• Provided data:
# # #
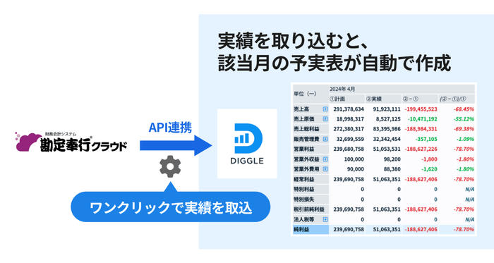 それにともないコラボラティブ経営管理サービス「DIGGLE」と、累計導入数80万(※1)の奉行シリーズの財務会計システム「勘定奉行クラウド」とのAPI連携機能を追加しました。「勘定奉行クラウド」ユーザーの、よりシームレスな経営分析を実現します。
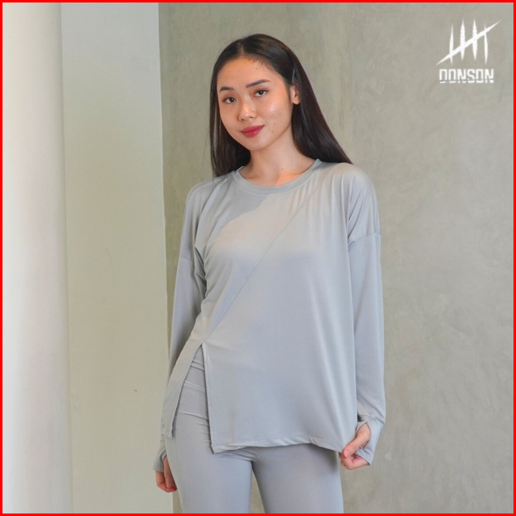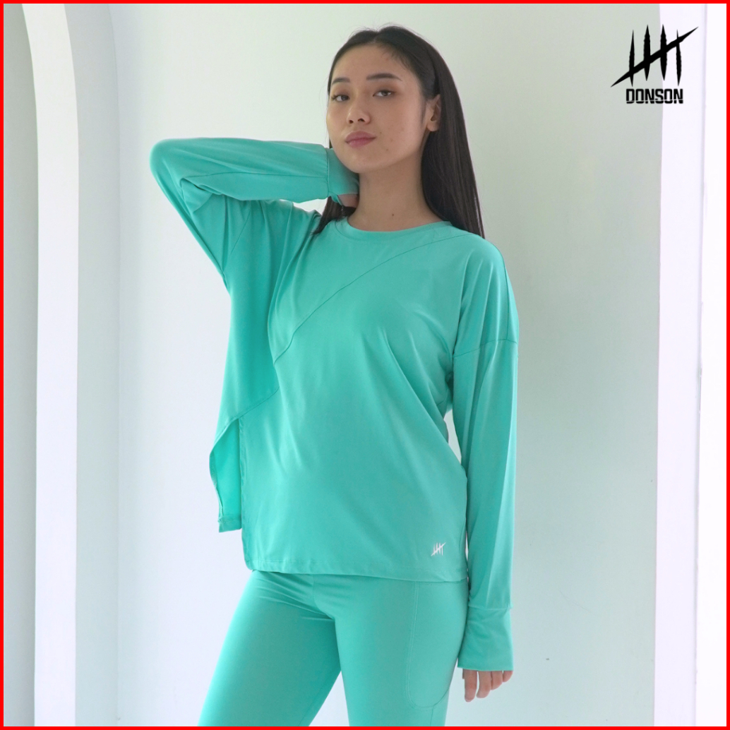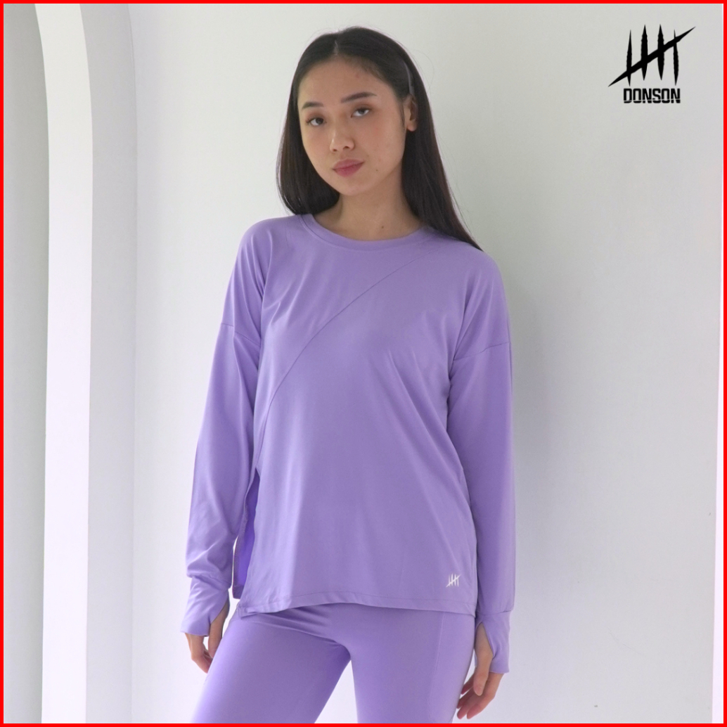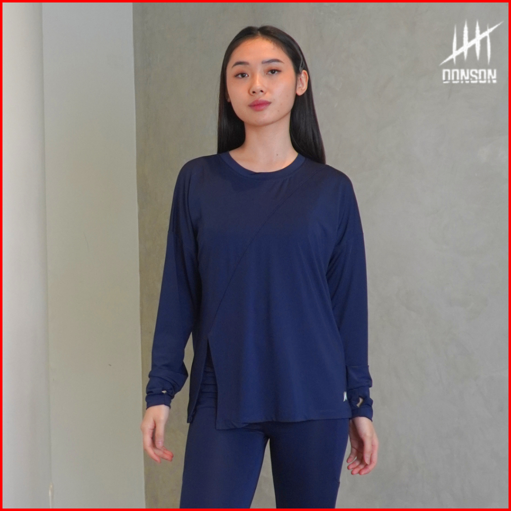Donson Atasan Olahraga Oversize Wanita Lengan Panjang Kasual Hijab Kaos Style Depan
# # #
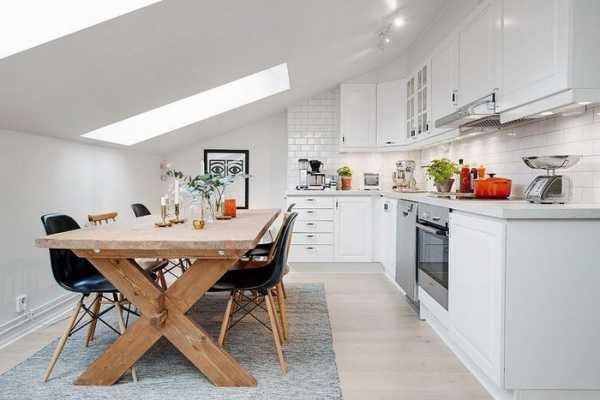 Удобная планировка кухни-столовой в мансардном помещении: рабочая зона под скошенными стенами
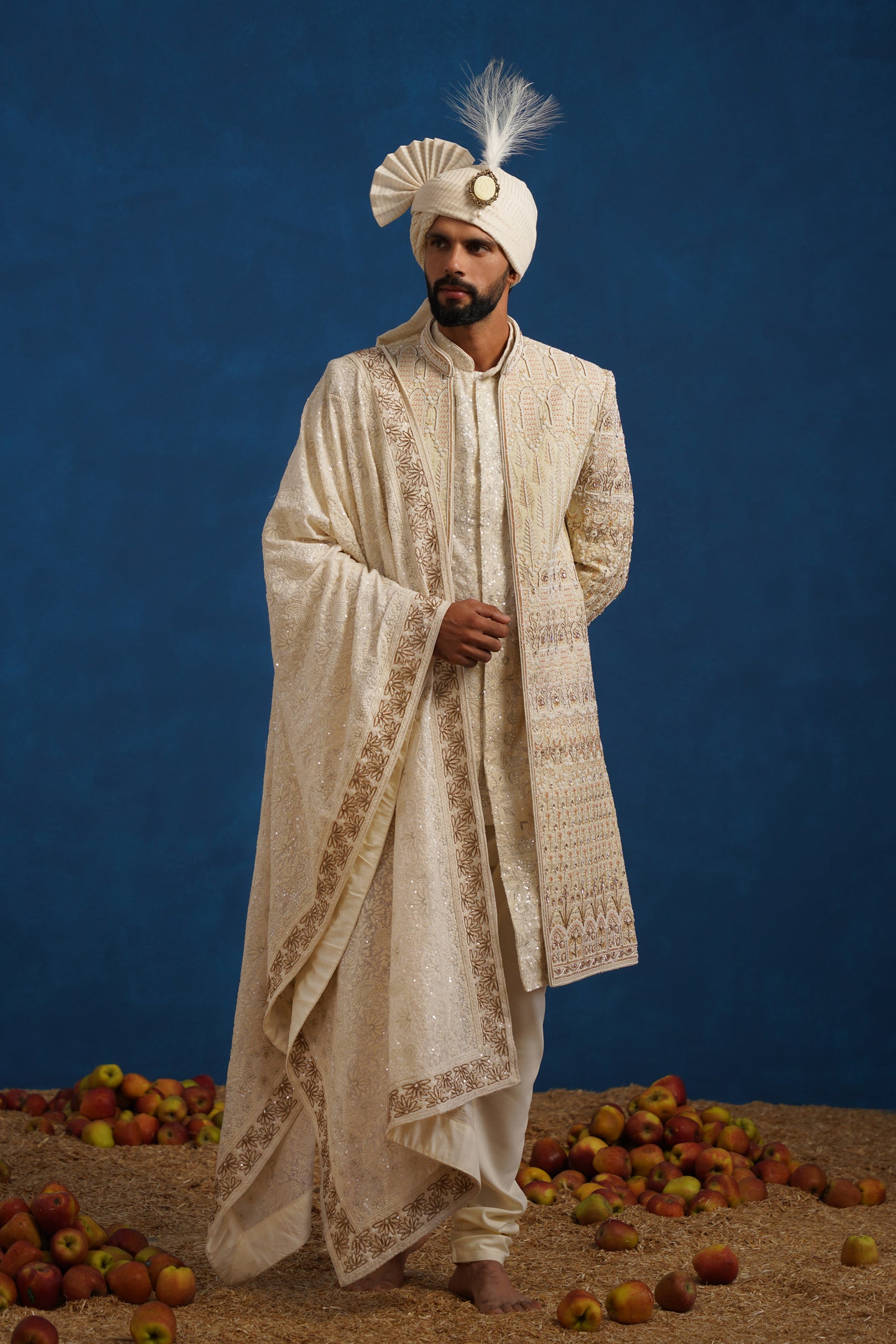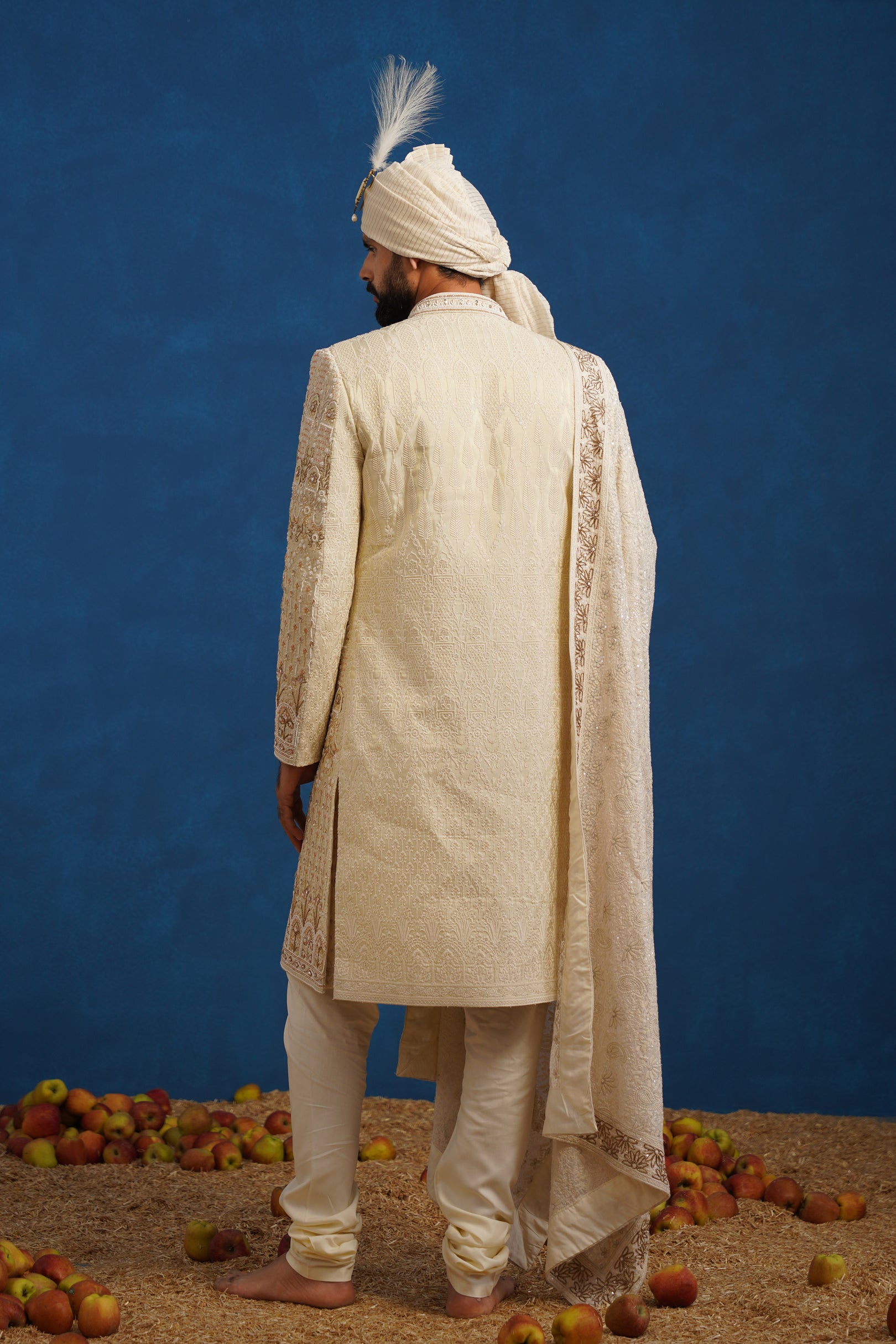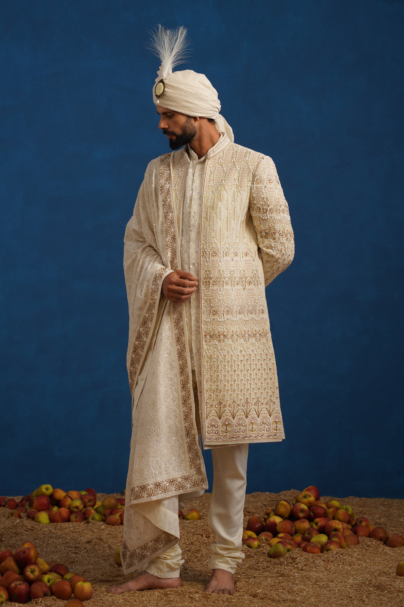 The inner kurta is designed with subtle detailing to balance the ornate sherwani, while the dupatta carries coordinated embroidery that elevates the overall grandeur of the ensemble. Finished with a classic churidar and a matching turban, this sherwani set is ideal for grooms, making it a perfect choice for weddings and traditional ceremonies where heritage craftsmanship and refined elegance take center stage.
# # #
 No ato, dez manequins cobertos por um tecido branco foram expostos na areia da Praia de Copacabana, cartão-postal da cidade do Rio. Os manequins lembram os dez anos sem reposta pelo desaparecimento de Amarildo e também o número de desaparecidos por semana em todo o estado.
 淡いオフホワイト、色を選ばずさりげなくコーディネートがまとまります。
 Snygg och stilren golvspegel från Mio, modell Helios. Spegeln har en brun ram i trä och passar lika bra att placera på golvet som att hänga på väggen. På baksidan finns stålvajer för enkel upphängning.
# # #
• Assigned task: What are the lines, exactly as written above, from the line with "No ato, dez" to the line with "Snygg och stilren", both included? Output only those.

• Exercise result:
 No ato, dez manequins cobertos por um tecido branco foram expostos na areia da Praia de Copacabana, cartão-postal da cidade do Rio. Os manequins lembram os dez anos sem reposta pelo desaparecimento de Amarildo e também o número de desaparecidos por semana em todo o estado.
 淡いオフホワイト、色を選ばずさりげなくコーディネートがまとまります。
 Snygg och stilren golvspegel från Mio, modell Helios. Spegeln har en brun ram i trä och passar lika bra att placera på golvet som att hänga på väggen. På baksidan finns stålvajer för enkel upphängning.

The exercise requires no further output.